━━━ DATA IN THIS EXERCISE
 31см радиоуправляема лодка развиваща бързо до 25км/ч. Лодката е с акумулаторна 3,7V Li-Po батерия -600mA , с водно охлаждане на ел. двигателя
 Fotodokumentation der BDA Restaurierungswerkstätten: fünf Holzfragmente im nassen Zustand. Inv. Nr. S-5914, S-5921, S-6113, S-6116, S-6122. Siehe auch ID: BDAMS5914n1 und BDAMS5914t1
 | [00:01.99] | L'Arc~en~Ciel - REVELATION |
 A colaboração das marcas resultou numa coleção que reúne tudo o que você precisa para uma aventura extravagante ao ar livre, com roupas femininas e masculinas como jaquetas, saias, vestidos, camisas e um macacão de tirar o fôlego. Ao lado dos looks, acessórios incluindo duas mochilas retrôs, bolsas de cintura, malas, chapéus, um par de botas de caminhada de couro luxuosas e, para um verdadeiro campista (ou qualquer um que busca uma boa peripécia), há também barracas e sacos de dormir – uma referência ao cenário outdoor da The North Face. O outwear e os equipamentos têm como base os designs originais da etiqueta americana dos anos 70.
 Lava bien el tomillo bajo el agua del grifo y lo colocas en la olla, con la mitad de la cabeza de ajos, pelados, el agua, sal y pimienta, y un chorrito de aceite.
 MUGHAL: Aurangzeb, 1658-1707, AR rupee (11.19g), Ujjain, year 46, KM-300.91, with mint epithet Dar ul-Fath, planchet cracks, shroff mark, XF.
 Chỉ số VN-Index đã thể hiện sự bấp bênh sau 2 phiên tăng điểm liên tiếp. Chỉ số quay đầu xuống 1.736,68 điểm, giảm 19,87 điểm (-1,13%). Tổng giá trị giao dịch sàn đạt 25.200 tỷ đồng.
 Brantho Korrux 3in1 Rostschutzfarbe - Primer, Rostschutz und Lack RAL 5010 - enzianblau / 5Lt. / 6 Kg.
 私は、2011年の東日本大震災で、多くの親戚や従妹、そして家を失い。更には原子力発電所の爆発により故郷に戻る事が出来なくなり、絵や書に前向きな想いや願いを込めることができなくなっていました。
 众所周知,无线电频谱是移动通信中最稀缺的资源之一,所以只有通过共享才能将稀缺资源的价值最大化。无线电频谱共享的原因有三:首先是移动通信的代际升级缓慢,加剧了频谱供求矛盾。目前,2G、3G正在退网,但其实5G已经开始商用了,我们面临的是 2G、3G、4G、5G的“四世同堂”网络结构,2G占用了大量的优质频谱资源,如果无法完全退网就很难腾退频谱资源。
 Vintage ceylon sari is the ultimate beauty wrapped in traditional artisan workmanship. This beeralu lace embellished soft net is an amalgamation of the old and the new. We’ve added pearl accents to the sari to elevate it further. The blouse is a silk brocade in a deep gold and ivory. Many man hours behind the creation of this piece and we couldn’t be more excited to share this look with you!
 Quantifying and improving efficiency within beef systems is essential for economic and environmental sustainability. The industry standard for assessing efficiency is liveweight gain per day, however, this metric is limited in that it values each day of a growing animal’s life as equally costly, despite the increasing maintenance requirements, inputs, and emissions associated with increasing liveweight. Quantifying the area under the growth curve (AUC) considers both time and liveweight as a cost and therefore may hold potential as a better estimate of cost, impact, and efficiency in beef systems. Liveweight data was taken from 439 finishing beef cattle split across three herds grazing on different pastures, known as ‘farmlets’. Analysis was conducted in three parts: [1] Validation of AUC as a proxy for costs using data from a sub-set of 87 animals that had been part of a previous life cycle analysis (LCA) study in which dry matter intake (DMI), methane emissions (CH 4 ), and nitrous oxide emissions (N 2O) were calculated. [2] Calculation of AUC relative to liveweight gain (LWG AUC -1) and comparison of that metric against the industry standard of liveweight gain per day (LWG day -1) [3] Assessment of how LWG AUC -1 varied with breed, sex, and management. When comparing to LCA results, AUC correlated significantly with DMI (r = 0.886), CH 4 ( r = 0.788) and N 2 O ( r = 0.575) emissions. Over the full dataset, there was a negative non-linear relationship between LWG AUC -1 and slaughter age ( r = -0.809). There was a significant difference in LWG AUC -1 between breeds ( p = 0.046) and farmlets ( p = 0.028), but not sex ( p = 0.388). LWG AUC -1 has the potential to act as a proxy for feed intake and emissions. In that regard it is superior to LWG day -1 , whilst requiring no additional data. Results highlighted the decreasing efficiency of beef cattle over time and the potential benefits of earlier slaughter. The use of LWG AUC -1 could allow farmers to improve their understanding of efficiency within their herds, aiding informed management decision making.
━━━━━━
Nothing in the material should be left out; output it exactly.

REPLY:
 31см радиоуправляема лодка развиваща бързо до 25км/ч. Лодката е с акумулаторна 3,7V Li-Po батерия -600mA , с водно охлаждане на ел. двигателя
 Fotodokumentation der BDA Restaurierungswerkstätten: fünf Holzfragmente im nassen Zustand. Inv. Nr. S-5914, S-5921, S-6113, S-6116, S-6122. Siehe auch ID: BDAMS5914n1 und BDAMS5914t1
 | [00:01.99] | L'Arc~en~Ciel - REVELATION |
 A colaboração das marcas resultou numa coleção que reúne tudo o que você precisa para uma aventura extravagante ao ar livre, com roupas femininas e masculinas como jaquetas, saias, vestidos, camisas e um macacão de tirar o fôlego. Ao lado dos looks, acessórios incluindo duas mochilas retrôs, bolsas de cintura, malas, chapéus, um par de botas de caminhada de couro luxuosas e, para um verdadeiro campista (ou qualquer um que busca uma boa peripécia), há também barracas e sacos de dormir – uma referência ao cenário outdoor da The North Face. O outwear e os equipamentos têm como base os designs originais da etiqueta americana dos anos 70.
 Lava bien el tomillo bajo el agua del grifo y lo colocas en la olla, con la mitad de la cabeza de ajos, pelados, el agua, sal y pimienta, y un chorrito de aceite.
 MUGHAL: Aurangzeb, 1658-1707, AR rupee (11.19g), Ujjain, year 46, KM-300.91, with mint epithet Dar ul-Fath, planchet cracks, shroff mark, XF.
 Chỉ số VN-Index đã thể hiện sự bấp bênh sau 2 phiên tăng điểm liên tiếp. Chỉ số quay đầu xuống 1.736,68 điểm, giảm 19,87 điểm (-1,13%). Tổng giá trị giao dịch sàn đạt 25.200 tỷ đồng.
 Brantho Korrux 3in1 Rostschutzfarbe - Primer, Rostschutz und Lack RAL 5010 - enzianblau / 5Lt. / 6 Kg.
 私は、2011年の東日本大震災で、多くの親戚や従妹、そして家を失い。更には原子力発電所の爆発により故郷に戻る事が出来なくなり、絵や書に前向きな想いや願いを込めることができなくなっていました。
 众所周知,无线电频谱是移动通信中最稀缺的资源之一,所以只有通过共享才能将稀缺资源的价值最大化。无线电频谱共享的原因有三:首先是移动通信的代际升级缓慢,加剧了频谱供求矛盾。目前,2G、3G正在退网,但其实5G已经开始商用了,我们面临的是 2G、3G、4G、5G的“四世同堂”网络结构,2G占用了大量的优质频谱资源,如果无法完全退网就很难腾退频谱资源。
 Vintage ceylon sari is the ultimate beauty wrapped in traditional artisan workmanship. This beeralu lace embellished soft net is an amalgamation of the old and the new. We’ve added pearl accents to the sari to elevate it further. The blouse is a silk brocade in a deep gold and ivory. Many man hours behind the creation of this piece and we couldn’t be more excited to share this look with you!
 Quantifying and improving efficiency within beef systems is essential for economic and environmental sustainability. The industry standard for assessing efficiency is liveweight gain per day, however, this metric is limited in that it values each day of a growing animal’s life as equally costly, despite the increasing maintenance requirements, inputs, and emissions associated with increasing liveweight. Quantifying the area under the growth curve (AUC) considers both time and liveweight as a cost and therefore may hold potential as a better estimate of cost, impact, and efficiency in beef systems. Liveweight data was taken from 439 finishing beef cattle split across three herds grazing on different pastures, known as ‘farmlets’. Analysis was conducted in three parts: [1] Validation of AUC as a proxy for costs using data from a sub-set of 87 animals that had been part of a previous life cycle analysis (LCA) study in which dry matter intake (DMI), methane emissions (CH 4 ), and nitrous oxide emissions (N 2O) were calculated. [2] Calculation of AUC relative to liveweight gain (LWG AUC -1) and comparison of that metric against the industry standard of liveweight gain per day (LWG day -1) [3] Assessment of how LWG AUC -1 varied with breed, sex, and management. When comparing to LCA results, AUC correlated significantly with DMI (r = 0.886), CH 4 ( r = 0.788) and N 2 O ( r = 0.575) emissions. Over the full dataset, there was a negative non-linear relationship between LWG AUC -1 and slaughter age ( r = -0.809). There was a significant difference in LWG AUC -1 between breeds ( p = 0.046) and farmlets ( p = 0.028), but not sex ( p = 0.388). LWG AUC -1 has the potential to act as a proxy for feed intake and emissions. In that regard it is superior to LWG day -1 , whilst requiring no additional data. Results highlighted the decreasing efficiency of beef cattle over time and the potential benefits of earlier slaughter. The use of LWG AUC -1 could allow farmers to improve their understanding of efficiency within their herds, aiding informed management decision making.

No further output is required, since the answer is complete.